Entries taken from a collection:
● ● ● ● ● ● ●
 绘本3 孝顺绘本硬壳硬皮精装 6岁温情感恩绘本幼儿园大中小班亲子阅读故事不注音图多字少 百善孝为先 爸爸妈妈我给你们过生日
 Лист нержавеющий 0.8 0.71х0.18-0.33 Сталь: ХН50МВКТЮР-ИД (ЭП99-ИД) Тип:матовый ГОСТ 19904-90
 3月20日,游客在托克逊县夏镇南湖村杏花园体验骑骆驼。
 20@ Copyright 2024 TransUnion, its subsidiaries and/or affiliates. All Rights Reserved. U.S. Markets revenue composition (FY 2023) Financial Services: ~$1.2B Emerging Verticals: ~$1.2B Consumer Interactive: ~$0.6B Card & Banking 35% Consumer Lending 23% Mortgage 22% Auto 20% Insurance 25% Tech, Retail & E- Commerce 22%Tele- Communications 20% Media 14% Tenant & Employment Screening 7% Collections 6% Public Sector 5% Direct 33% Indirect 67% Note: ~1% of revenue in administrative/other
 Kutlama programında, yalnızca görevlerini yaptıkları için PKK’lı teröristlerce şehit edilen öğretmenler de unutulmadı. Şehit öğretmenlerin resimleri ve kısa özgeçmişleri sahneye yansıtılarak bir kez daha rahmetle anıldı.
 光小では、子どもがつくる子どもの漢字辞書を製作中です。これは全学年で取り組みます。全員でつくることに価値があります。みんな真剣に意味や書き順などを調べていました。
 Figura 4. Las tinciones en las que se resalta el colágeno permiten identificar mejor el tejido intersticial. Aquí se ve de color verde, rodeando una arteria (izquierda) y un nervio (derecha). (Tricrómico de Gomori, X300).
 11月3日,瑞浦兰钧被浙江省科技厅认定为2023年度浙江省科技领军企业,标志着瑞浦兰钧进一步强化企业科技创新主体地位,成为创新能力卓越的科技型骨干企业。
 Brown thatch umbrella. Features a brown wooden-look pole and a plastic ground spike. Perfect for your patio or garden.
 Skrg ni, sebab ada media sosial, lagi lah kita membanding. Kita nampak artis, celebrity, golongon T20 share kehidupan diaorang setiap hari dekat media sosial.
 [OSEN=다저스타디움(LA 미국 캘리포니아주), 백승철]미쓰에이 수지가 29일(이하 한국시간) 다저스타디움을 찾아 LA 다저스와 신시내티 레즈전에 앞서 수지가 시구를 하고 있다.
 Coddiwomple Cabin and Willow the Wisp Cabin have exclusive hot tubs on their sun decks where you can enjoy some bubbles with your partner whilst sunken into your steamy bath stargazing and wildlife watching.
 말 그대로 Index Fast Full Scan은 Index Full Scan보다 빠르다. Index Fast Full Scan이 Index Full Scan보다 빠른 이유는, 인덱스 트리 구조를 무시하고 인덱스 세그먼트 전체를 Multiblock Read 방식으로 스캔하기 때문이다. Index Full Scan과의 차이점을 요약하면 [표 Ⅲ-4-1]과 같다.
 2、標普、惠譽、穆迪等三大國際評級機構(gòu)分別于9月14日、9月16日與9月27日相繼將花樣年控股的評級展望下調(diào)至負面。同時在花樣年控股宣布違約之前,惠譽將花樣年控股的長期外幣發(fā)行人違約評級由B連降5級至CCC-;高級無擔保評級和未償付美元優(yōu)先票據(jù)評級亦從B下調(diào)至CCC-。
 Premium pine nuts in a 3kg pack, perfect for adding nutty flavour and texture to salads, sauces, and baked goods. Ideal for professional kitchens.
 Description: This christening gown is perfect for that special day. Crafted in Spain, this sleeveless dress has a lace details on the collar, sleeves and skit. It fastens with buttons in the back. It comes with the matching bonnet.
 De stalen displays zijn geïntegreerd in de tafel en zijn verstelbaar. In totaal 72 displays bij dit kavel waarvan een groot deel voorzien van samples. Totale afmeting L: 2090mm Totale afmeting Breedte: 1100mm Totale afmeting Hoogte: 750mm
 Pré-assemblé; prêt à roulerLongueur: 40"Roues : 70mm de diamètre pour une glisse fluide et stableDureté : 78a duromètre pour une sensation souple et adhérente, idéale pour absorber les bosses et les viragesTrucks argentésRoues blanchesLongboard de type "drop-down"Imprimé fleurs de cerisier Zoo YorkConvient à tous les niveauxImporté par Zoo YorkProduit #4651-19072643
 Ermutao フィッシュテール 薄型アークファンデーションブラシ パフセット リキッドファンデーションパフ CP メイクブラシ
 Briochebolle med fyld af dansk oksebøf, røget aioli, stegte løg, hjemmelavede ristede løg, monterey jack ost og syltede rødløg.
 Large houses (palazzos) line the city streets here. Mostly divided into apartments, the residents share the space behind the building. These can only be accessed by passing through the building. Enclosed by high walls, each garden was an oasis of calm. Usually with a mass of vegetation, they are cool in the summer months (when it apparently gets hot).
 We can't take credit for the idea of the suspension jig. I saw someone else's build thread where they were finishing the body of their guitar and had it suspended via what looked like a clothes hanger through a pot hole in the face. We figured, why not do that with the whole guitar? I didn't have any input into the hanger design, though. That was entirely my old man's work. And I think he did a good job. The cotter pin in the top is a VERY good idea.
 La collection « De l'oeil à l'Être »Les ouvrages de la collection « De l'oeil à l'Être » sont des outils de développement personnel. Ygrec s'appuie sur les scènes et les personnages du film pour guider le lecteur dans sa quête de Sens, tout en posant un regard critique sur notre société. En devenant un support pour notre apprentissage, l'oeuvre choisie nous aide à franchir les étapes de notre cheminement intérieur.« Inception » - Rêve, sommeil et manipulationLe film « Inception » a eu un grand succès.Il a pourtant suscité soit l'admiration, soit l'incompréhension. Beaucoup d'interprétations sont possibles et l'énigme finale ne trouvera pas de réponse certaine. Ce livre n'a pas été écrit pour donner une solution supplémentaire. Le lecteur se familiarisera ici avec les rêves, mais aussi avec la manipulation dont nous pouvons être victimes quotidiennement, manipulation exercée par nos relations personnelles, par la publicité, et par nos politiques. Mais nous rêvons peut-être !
● ● ● ● ● ● ●
Exercise
The answer must be all the lines above that hold the word "they".

Answer to this problem
 Large houses (palazzos) line the city streets here. Mostly divided into apartments, the residents share the space behind the building. These can only be accessed by passing through the building. Enclosed by high walls, each garden was an oasis of calm. Usually with a mass of vegetation, they are cool in the summer months (when it apparently gets hot).
 We can't take credit for the idea of the suspension jig. I saw someone else's build thread where they were finishing the body of their guitar and had it suspended via what looked like a clothes hanger through a pot hole in the face. We figured, why not do that with the whole guitar? I didn't have any input into the hanger design, though. That was entirely my old man's work. And I think he did a good job. The cotter pin in the top is a VERY good idea.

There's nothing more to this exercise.